Financial Reporting Alert 07-10: SEC Extends the Use of the Simplified Method in SAB 107 Under Certain Circumstances
December 27, 2007
Under Financial Accounting Standards Board (FASB) Statement No. 123(R), Share-Based Payment, the term that an option is expected to be outstanding is a key factor in measuring its fair value and the related compensation cost. Question 6 of Section D.2 of SAB Topic 141 sets forth the “simplified” method of estimating the expected term of "plain vanilla" share options, but is due to expire on December 31, 2007. Last week, the Securities and Exchange Commission (SEC) staff issued SAB 110, which permits entities, under certain circumstances, to continue to use the simplified method. SAB 110 amends and replaces Question 6 of Section D.2 of SAB Topic 14.
|Editor's Note: To meet the definition of "plain vanilla," and therefore allow an entity to use the simplified method, the entity's share options must have only the basic characteristics of a share-based payment award detailed in Section D.2 of SAB Topic 14.|
There are no hard-and-fast rules in SAB 110’s revisions to SAB Topic 14; a company may use the simplified method if it concludes that it is not reasonable to base its estimate of expected term on its historical share option exercise experience. Previously, under SAB Topic 14, a company could avail itself of the simplified method’s safe harbor regardless of whether the company had enough information to make a more refined estimate of expected term.
Further, in SAB 110, the SEC staff gives the following examples of situations in which it may be appropriate to use the simplified method:
- “A company does not have sufficient historical exercise data to provide a reasonable basis upon which to estimate expected term due to the limited period of time its equity shares have been publicly traded.
- A company significantly changes the terms of its share option grants or the types of employees that receive share option grants such that its historical exercise data may no longer provide a reasonable basis upon which to estimate expected term.
- A company has or expects to have significant structural changes in its business such that its historical exercise data may no longer provide a reasonable basis upon which to estimate expected term.”
The staff also acknowledged that a company may use the simplified method for some, but not all, of its employee share option grants. That is, the staff will accept the use of the simplified method for grants for which a company does not have sufficient historical exercise data. The staff also indicated that it will not object to the use of the simplified method in the periods before a company becomes public.

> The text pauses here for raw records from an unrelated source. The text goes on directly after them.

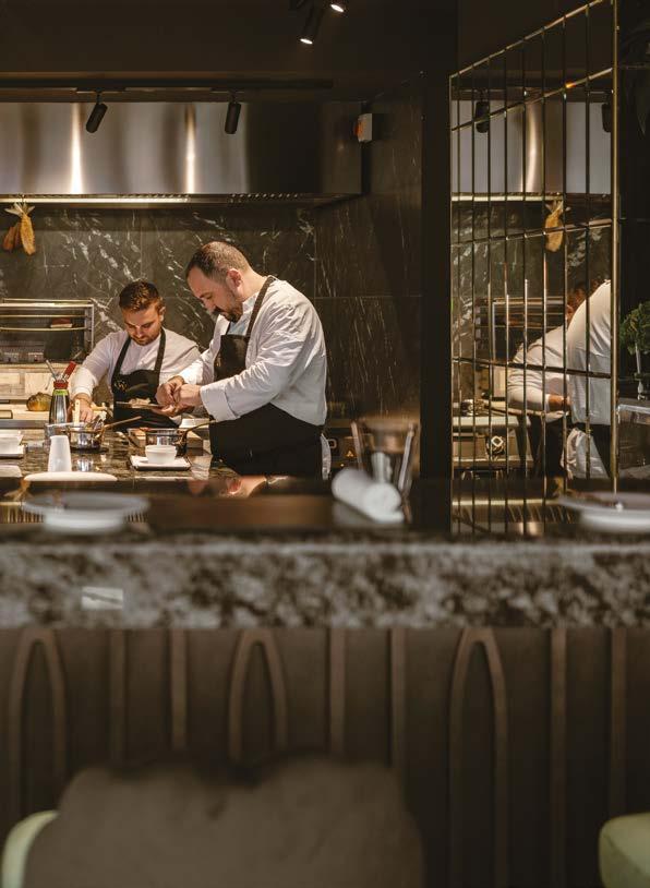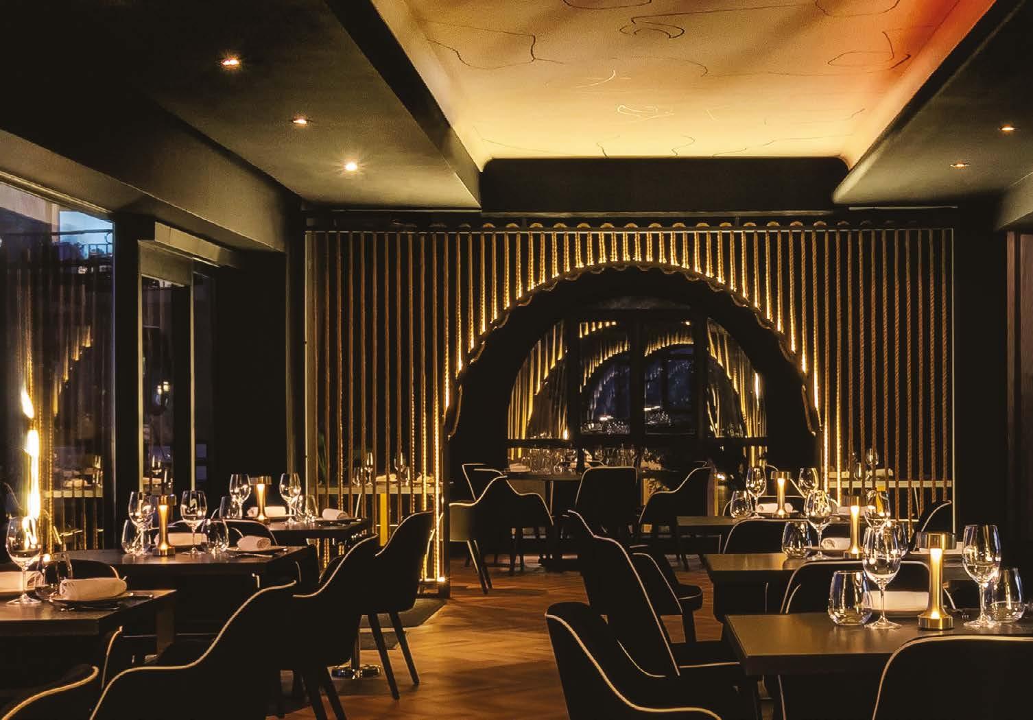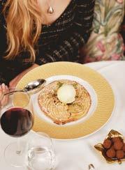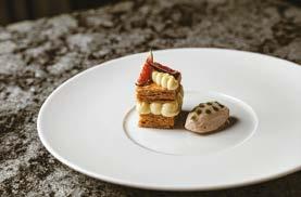 as comforting as it is elegant, alongside expertly prepared fish dishes and indulgent desserts such as the melting chocolate bombe with vanilla ice cream, honeycomb and hot caramel sauce, and thecaramelised apple tarte tatin, served with Madagascan vanilla pod ice cream and warm caramel sauce. The extensive wine list adds to the experience, while the famous Martini Trolley is a unique and sophisticated way to explore the world of
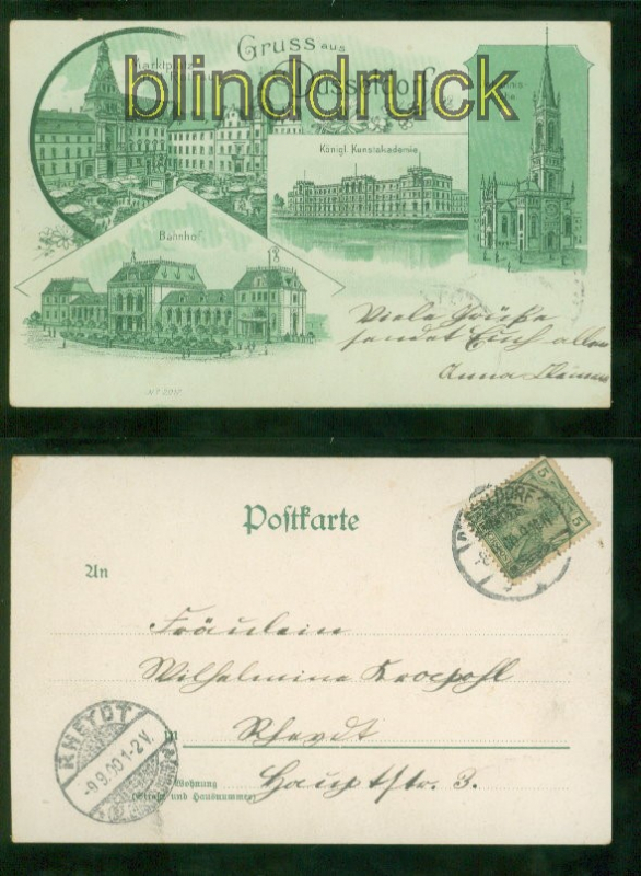 Nordrhein-Westfalen Gruss aus Düsseldorf farb-Litho-AK vier Ansichten 1900 nach Rheydt vier Ansichten: Schloss Johanniskirche, Marktplatz mit Rathaus, Bahnhof und königliche Kunstakademie Karte gelaufen aus Düseldorf 8.9.1900 nach Rheydt Ankunftsstempel Erhaltung siehe Scan
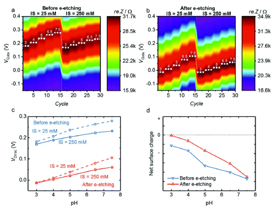 2上石墨烯的表面電荷分布。(a), (b) 隨pH(狄拉克點(diǎn)以白色表示)和離子強(qiáng)度(IS)的變化而變化的電阻(re.Z)。(c)從a和b提取的狄拉克點(diǎn)隨pH的變化。(d)通過(guò)從25 mM的VDirac(c的虛線)中減去250 mM的VDirac(c的實(shí)線)對(duì)GLI的凈表面電荷作為pH的定性估計(jì)。
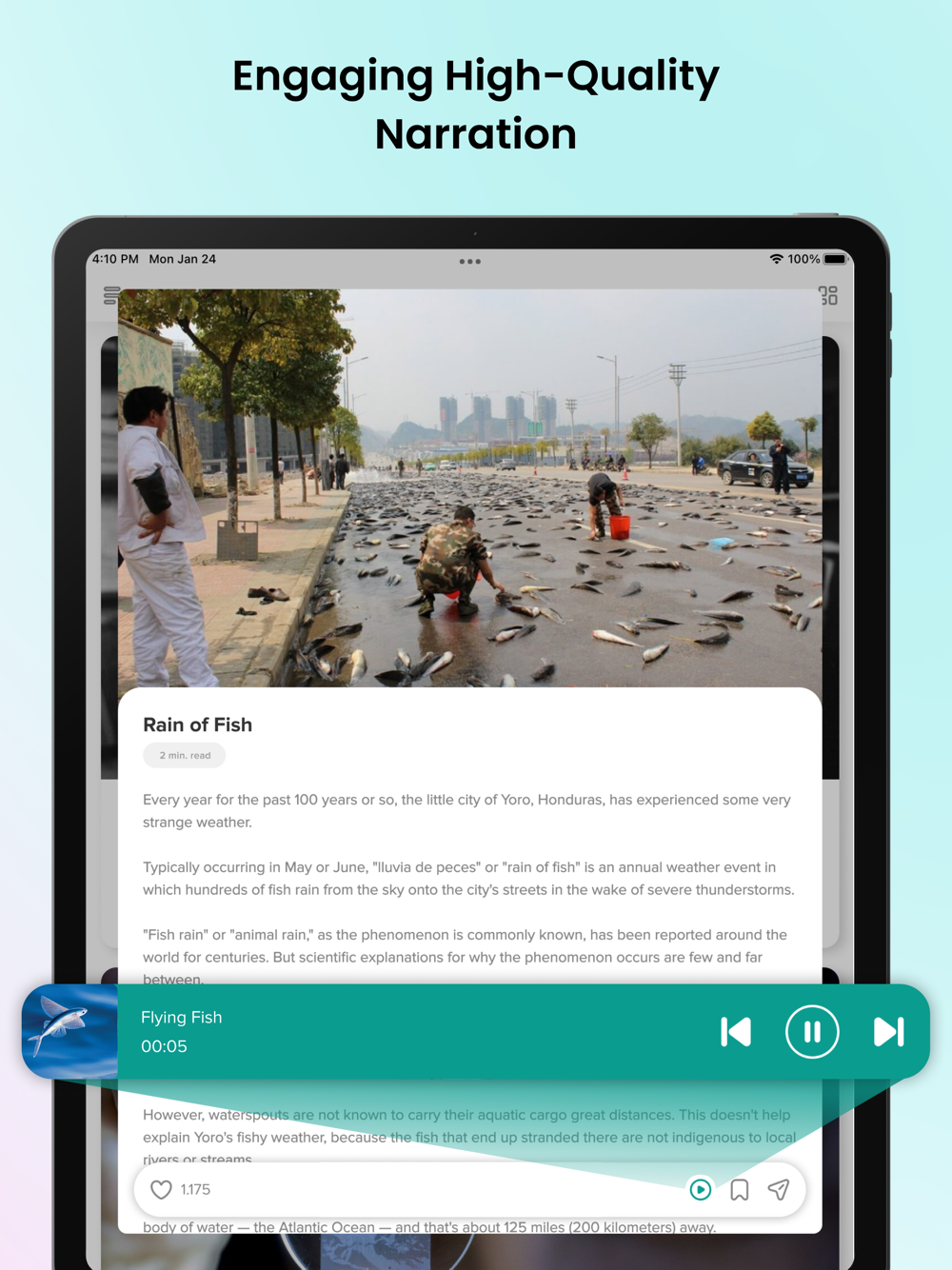 All facts have audio recordings. In this way, you can listen to the facts whenever you want while walking, cooking, or doing sports.
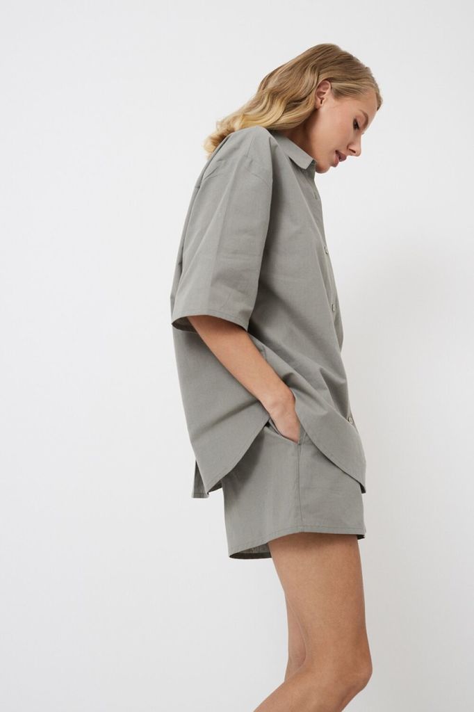 Состав: Хлопок-86%; Лён-14%; Страна бренда: Польша Состав: Хлопок-86%; Лён-14%; Представляем вам комплект Octavia — спокойное сочетание комфорта и стиля, созданное для ваших моментов расслабления. Это... Показать описаниет комплект, изготовленный из лёгкой хлопково-льняной ткани, окутает вас ощущением спокойствия благодаря успокаивающему оттенку приглушённого оливкового цвета. Свободная рубашка на пуговицах длиной до локтя может похвастаться классическим воротником, закруглённым низом и привлекательными декоративными пуговицами по всей длине спинки, которые добавят вашему образу немного оригинальности. Широкие шорты с высокой талией, эластичным поясом, декоративными пуговицами и практичными карманами. Этот ансамбль излучает непринуждённую элегантность. Комплект Octavia позволит вам выглядеть непринуждённо и элегантно, не отказываясь от комфорта, и наслаждаться каждым моментом.
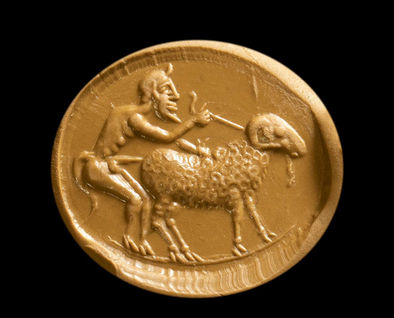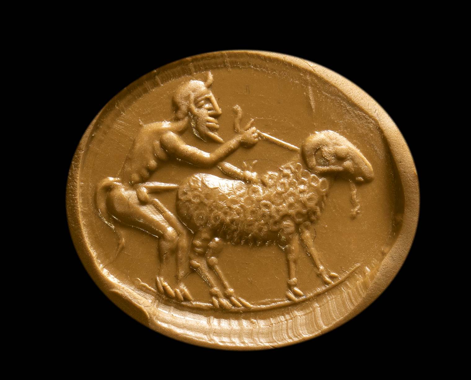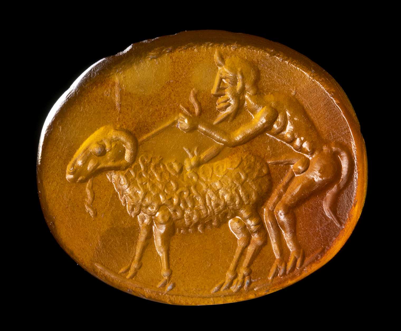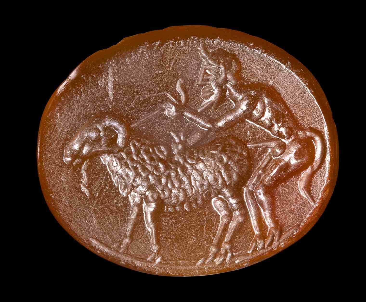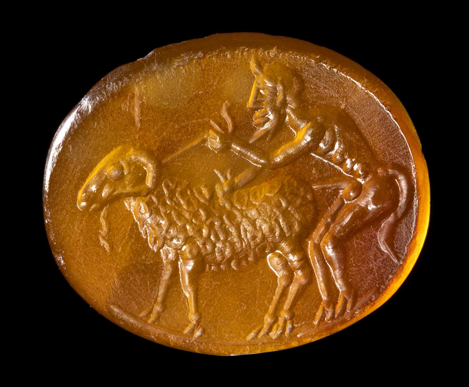 A satyr with an erected phallus threatens to rape from behind a ram, holding its fur on its back and a ribbon which the animal holds in its mouth. Groundline. Large size. Fine execution. Great subject. Wear marks
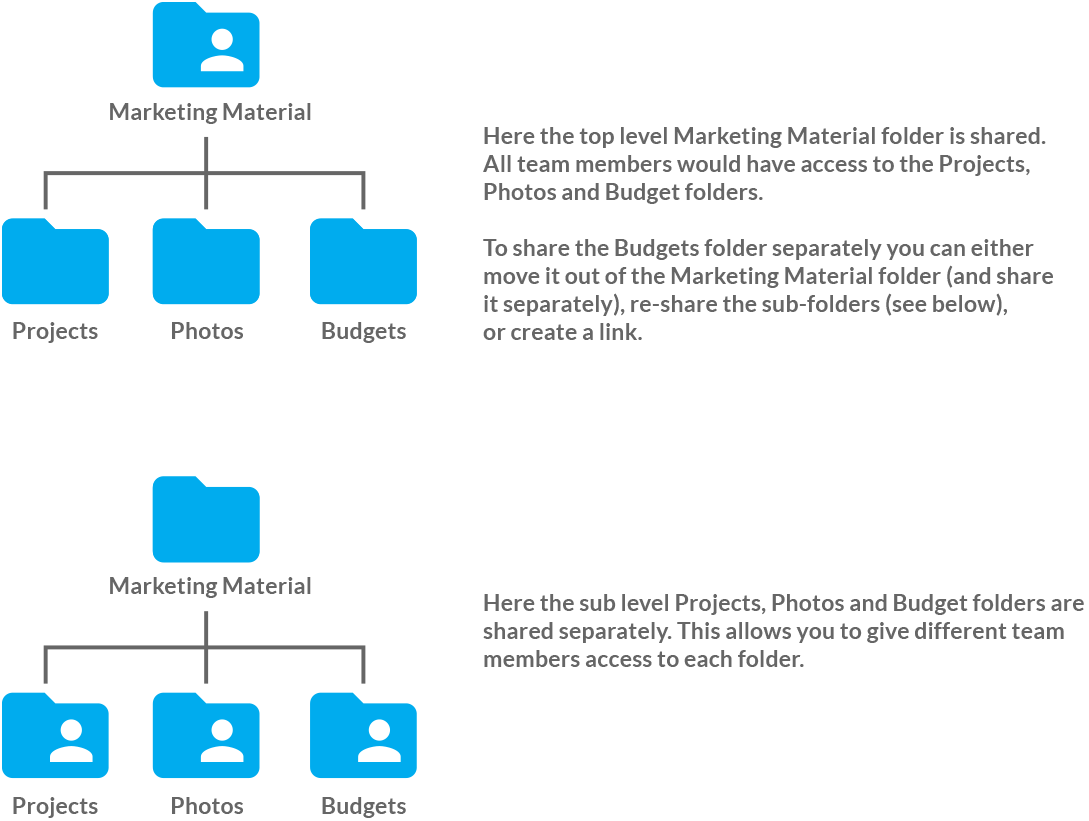 With team shared folders you can only share a top-level folder or its sub-folders, but not both. As such, a flat folder structure is recommended to ensure that access is clearly defined and easily understood by all users.

Finally, a company that uses the simplified method should disclose the following information in the notes to its financial statements:
- The fact that the simplified method was used
- The reason why this method was used
- The types of share option grants for which the simplified method was used, if it was not used for all share option grants
- The period(s) for which the simplified method was used, if it was not used in all periods presented.
While SAB 110 does not include an expiration date for the use of the simplified method, companies should be aware that the staff believes that more detailed external information about exercise behavior will, over time, become readily available. Therefore, the staff does not expect the simplified method to be used for share option grants when more relevant detailed information becomes widely available.
1 SAB Topic 14, “Share-Based Payment,” added by SEC Staff Accounting Bulletin No. 107.